» **THE PROBLEM**
Your job is to give again, exactly and with no additions, the lines in the records below from the one with "Σύμφωνα με τον" through the one with "where the fun", both included. Omit the pictures.

· · · · ·

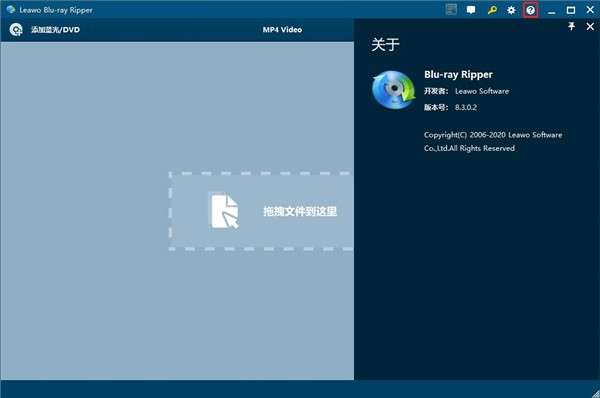 5、双击打开Leawo Blu-ray Ripper,点击红色选框下的关于,如下图软件安装完成,可以放心使用软件。
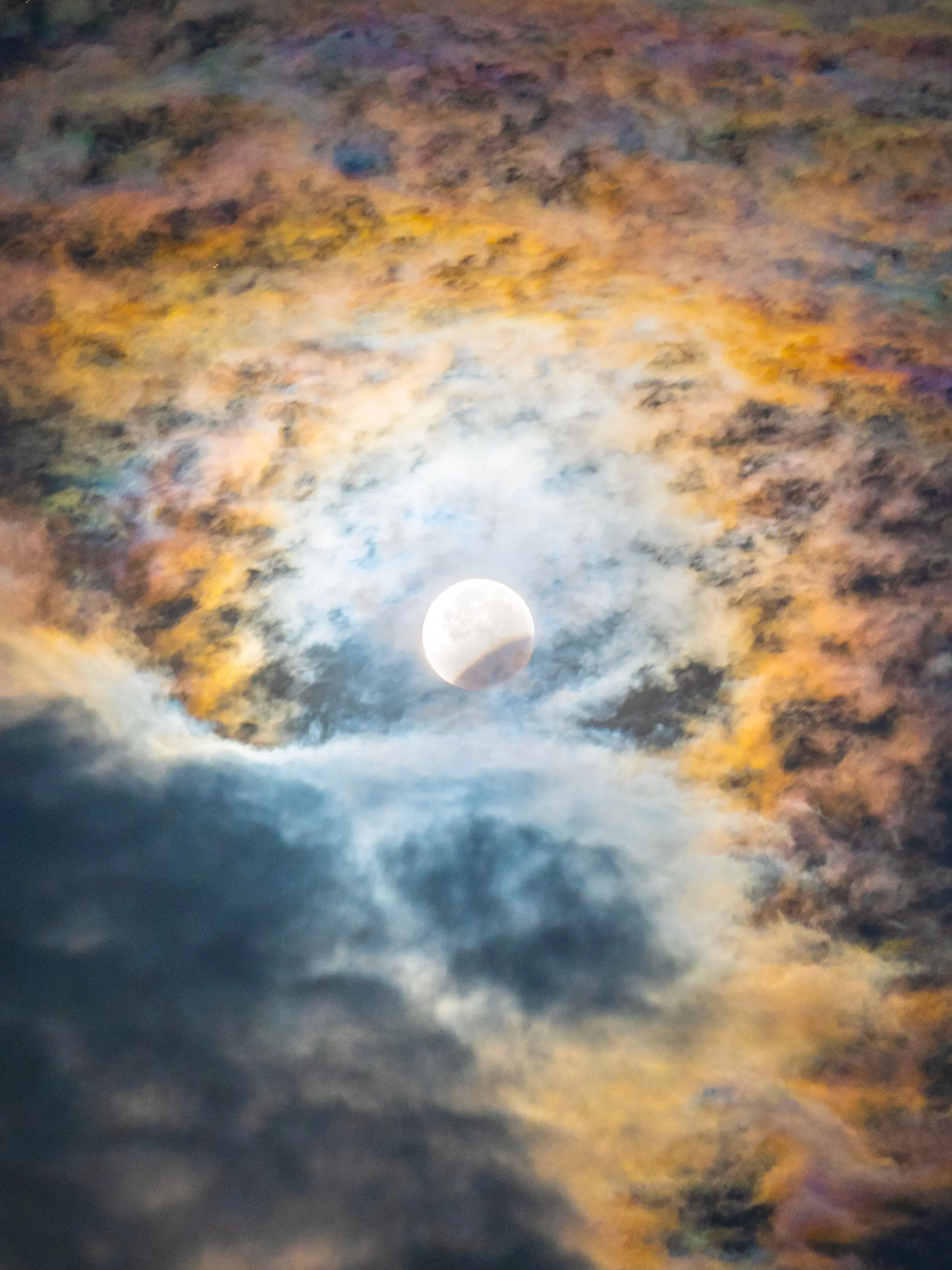 天狗食月遇上七彩祥云。
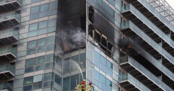 Σύμφωνα με τον δήμαρχο Σαντίκ Καν, έχουν κινητοποιηθεί 20 πυροσβεστικά οχήματα για να κατασβέσουν την πυρκαγιά που εκδηλώθηκε στον 17ο όροφο.
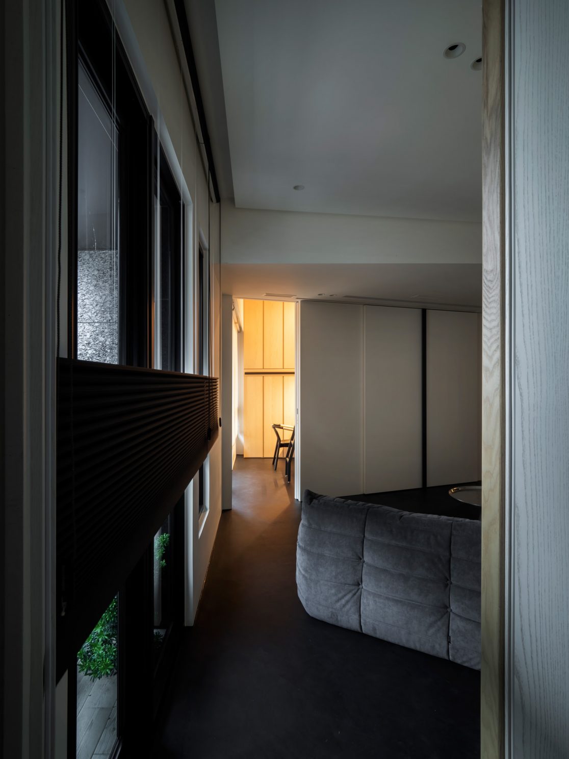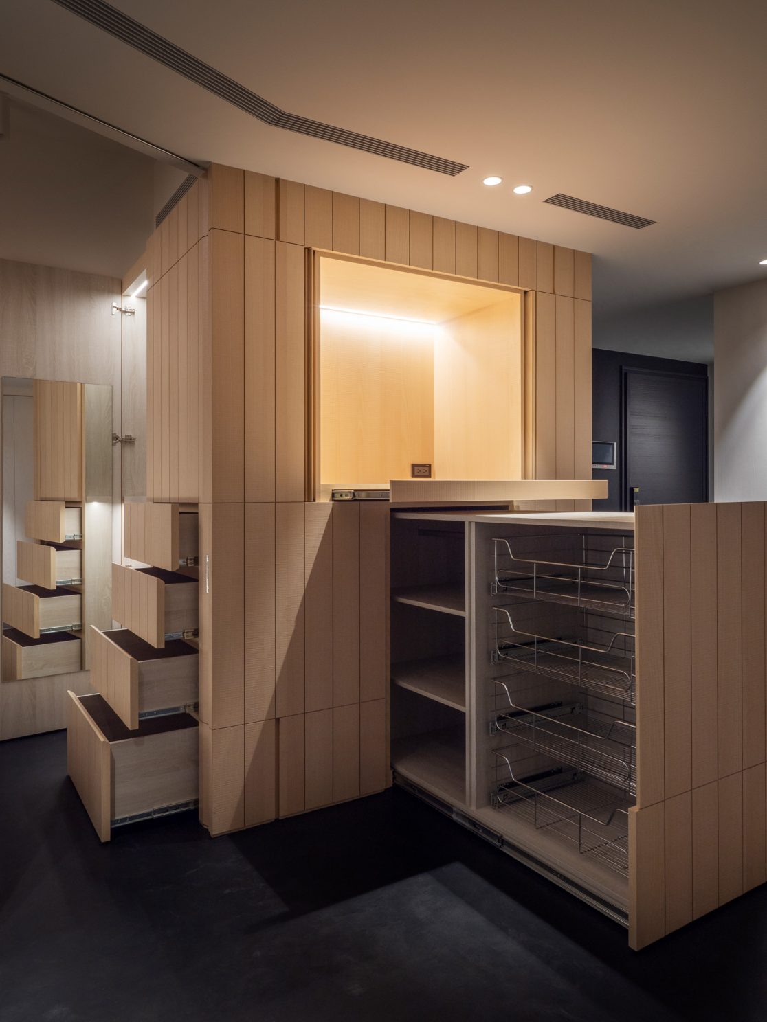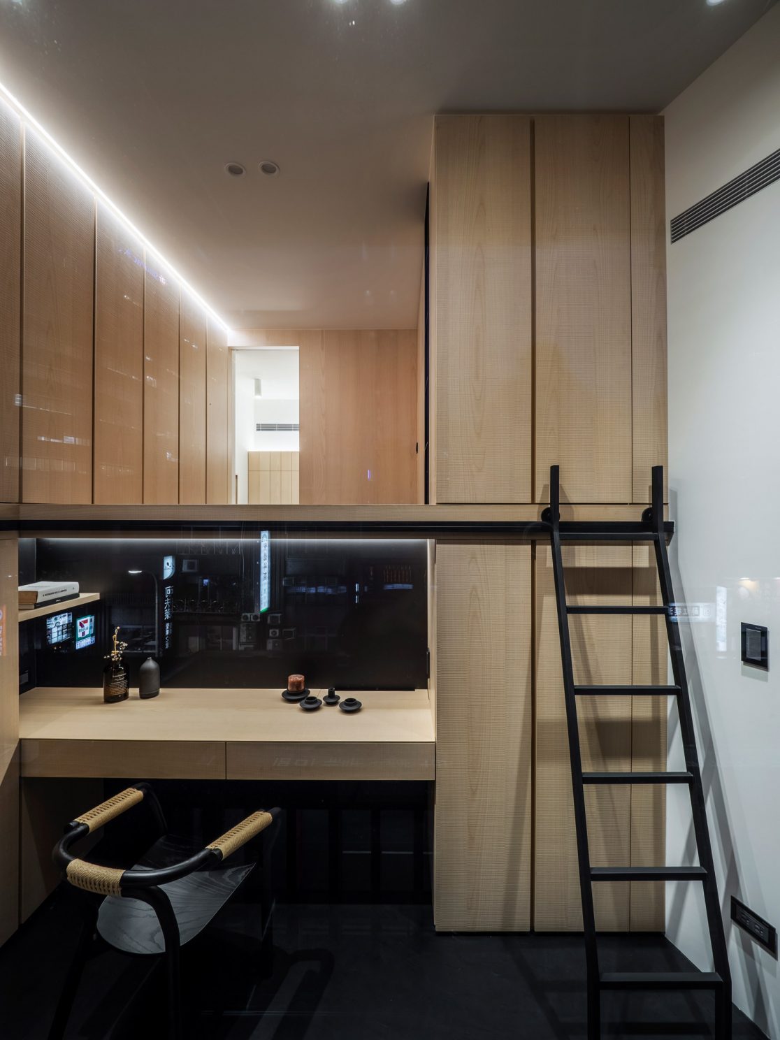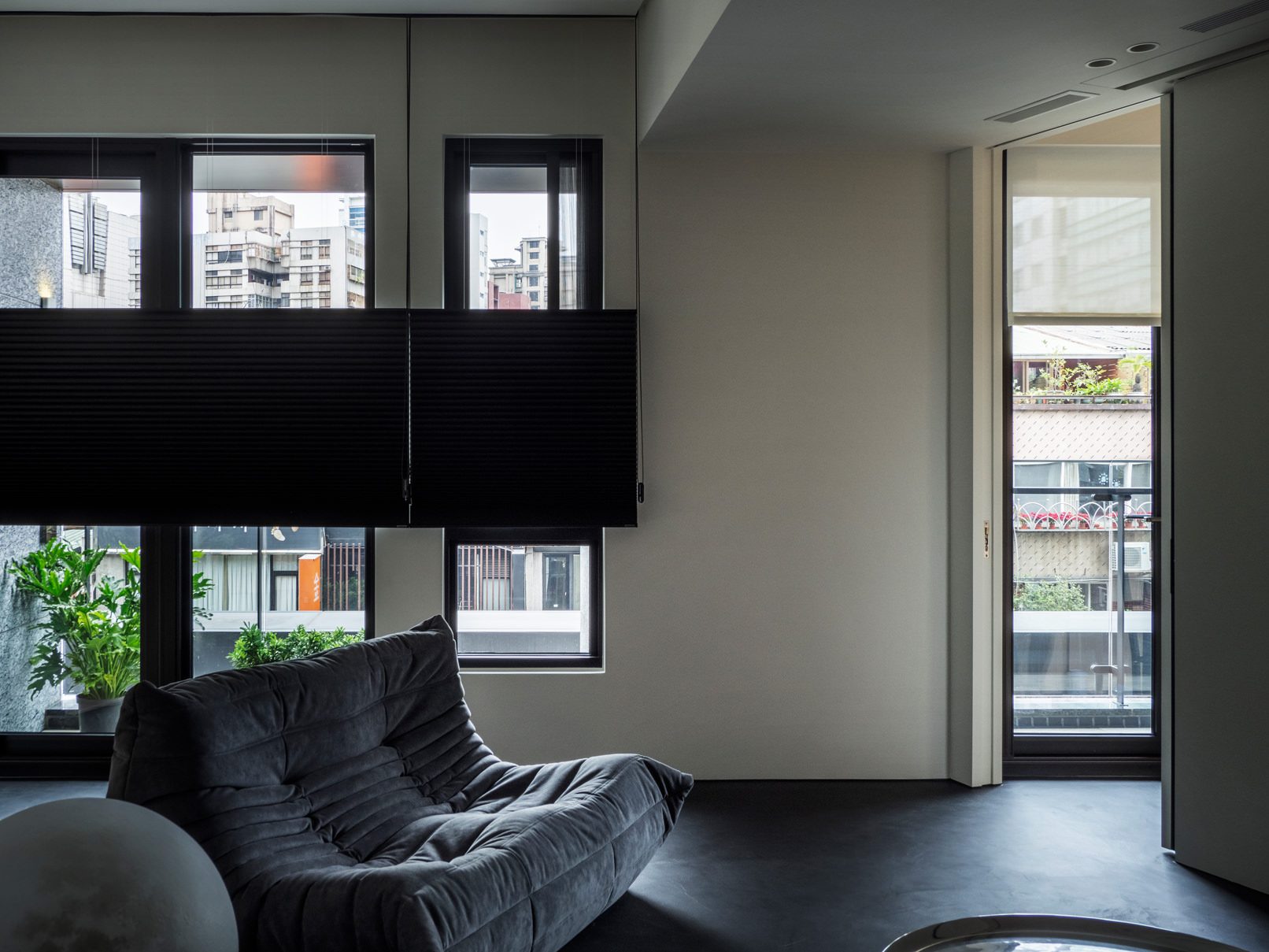 多華麗的工作會讓你需要一個什麼都看不見的家?身為一個長時間與3D特效為伍的影像創作者,屋主很明確地向設計團隊表達,他的家要簡單、乾淨,生活機能需要滿足,但不使用時,都要能夠藏起來。Here’s where the fun begins!整體設計從「太空」為概念出發,客餐廳等公領域集中在彷彿銀河系的中心,其餘空間則在星球運行的軌跡上環繞排列。這種平面配置方式,讓每一個空間都達到了最大化的利用。材質與色彩計畫相對單純,但在不複雜的配置中,仍試圖創造出視覺層次。擁有自然肌理的鋸紋白栓木皮、MORTEX礦物塗料,則為冷調的空間帶進適量的人性溫度。
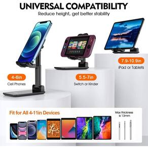 Suporte de celular ajustável, suporte de telefone celular dobrável para mesa, suporte compatível -KP-SP200 - EX-1011 O suporte de celular serve para todos os telefones de 4 a 7 polegadas,. Observação: A largura do gancho é de 1,2 cm, certifique-se de que a espessura do seu dispositivo com uma capa no total não seja maior do que 1,2 cm. altura e ângulo ajustáveisO suporte de telefone é ajustável na altura e ângulo. Dois ângulos ajustáveis livres de 135º e 2 níveis de altura ajustáveis de 115-148 mm. Você pode facilmente ajustá-lo para um ângulo de visualização ideal e liberar suas mãos quando estiver comendo, assistindo vídeos, jogando jogos ou fazendo chamadas de vídeo. A característica totalmente dobrável facilita o transporte. base estável e almofada de silicone antiderrapante Uma haste de suporte de liga de alumínio com uma base pesada reforça a estabilidade do suporte do telefone para evitar agitações. Almofada de silicone totalmente coberta na parte inferior e suporte para evitar que deslize e proteja seu telefone contra arranhões. dobrável e portátilTamanho compacto e design totalmente dobrável tornam este suporte de iPhone um acessório perfeito para viajar, você pode facilmente colocá-lo em seus bolsos, bolsas ou mochilas. serviço de qualidade eficienteO suporte de mesa para iPhone vem com um atendimento ao cliente 100% satisfeito sem preocupações. Ean: 7892021113806
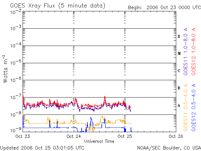 X線のグラフは低レベルで安定していて、フレア活動はとても穏やかです。
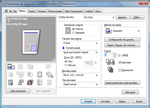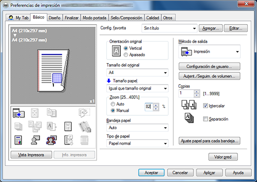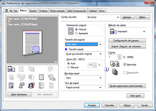 En [Tamaño papel] en la ficha [Básico], seleccione el tamaño de papel que debe utilizarse para la impresión. El porcentaje de escala se determina de forma automática por los tamaños de papel seleccionados en [Tamaño del original] y [Tamaño papel].
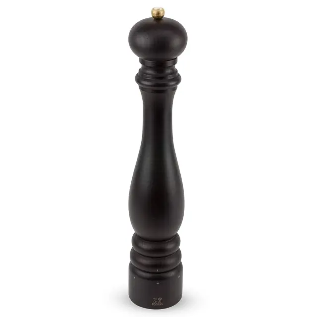 PEUGEOT MLINČEK ZA SOL PARIS CHOCOLAT je izdelan iz bukovega lesa z elegantno oblikovano silhueto, ki jo dopolnjuje zlati gumb z vgravirano levjo glavo, ki je Peugeotov prepoznavni znak.
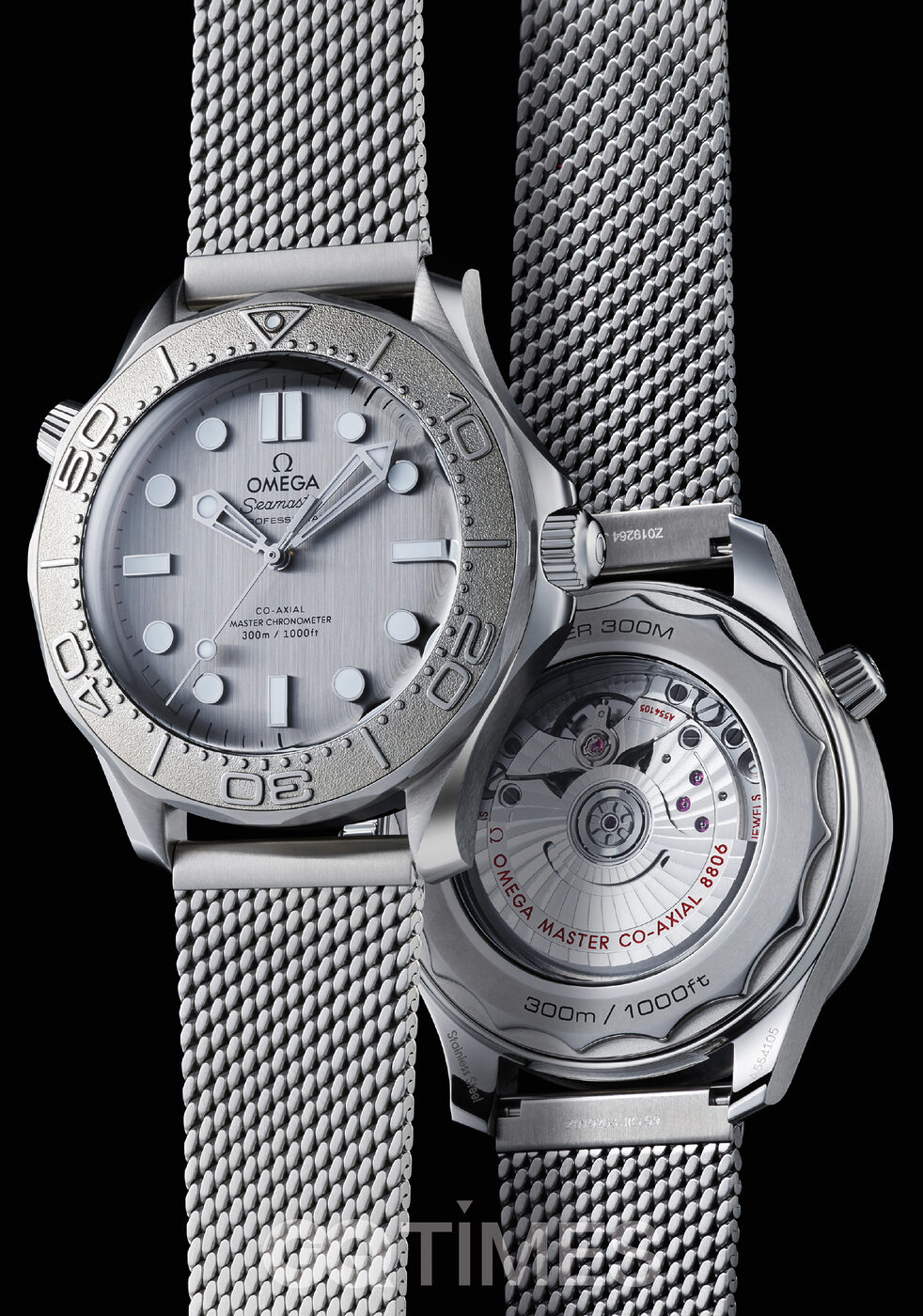 견고한 티타늄 베젤에 양각으로 다이빙 스케일을 새겼다. 300미터 방수 기능과 헬륨 가스 배출 밸브로 다이버의 전문성를 고려하는 동시에, 다이얼은 브러싱 가공해 한층 세련된 디자인으로 완성했다. 씨마스터 다이버 300M 42밀리미터 1천만원대, 오메가.

· · · · ·

» **EXERCISE RESPONSE**
 Σύμφωνα με τον δήμαρχο Σαντίκ Καν, έχουν κινητοποιηθεί 20 πυροσβεστικά οχήματα για να κατασβέσουν την πυρκαγιά που εκδηλώθηκε στον 17ο όροφο.
 多華麗的工作會讓你需要一個什麼都看不見的家?身為一個長時間與3D特效為伍的影像創作者,屋主很明確地向設計團隊表達,他的家要簡單、乾淨,生活機能需要滿足,但不使用時,都要能夠藏起來。Here’s where the fun begins!整體設計從「太空」為概念出發,客餐廳等公領域集中在彷彿銀河系的中心,其餘空間則在星球運行的軌跡上環繞排列。這種平面配置方式,讓每一個空間都達到了最大化的利用。材質與色彩計畫相對單純,但在不複雜的配置中,仍試圖創造出視覺層次。擁有自然肌理的鋸紋白栓木皮、MORTEX礦物塗料,則為冷調的空間帶進適量的人性溫度。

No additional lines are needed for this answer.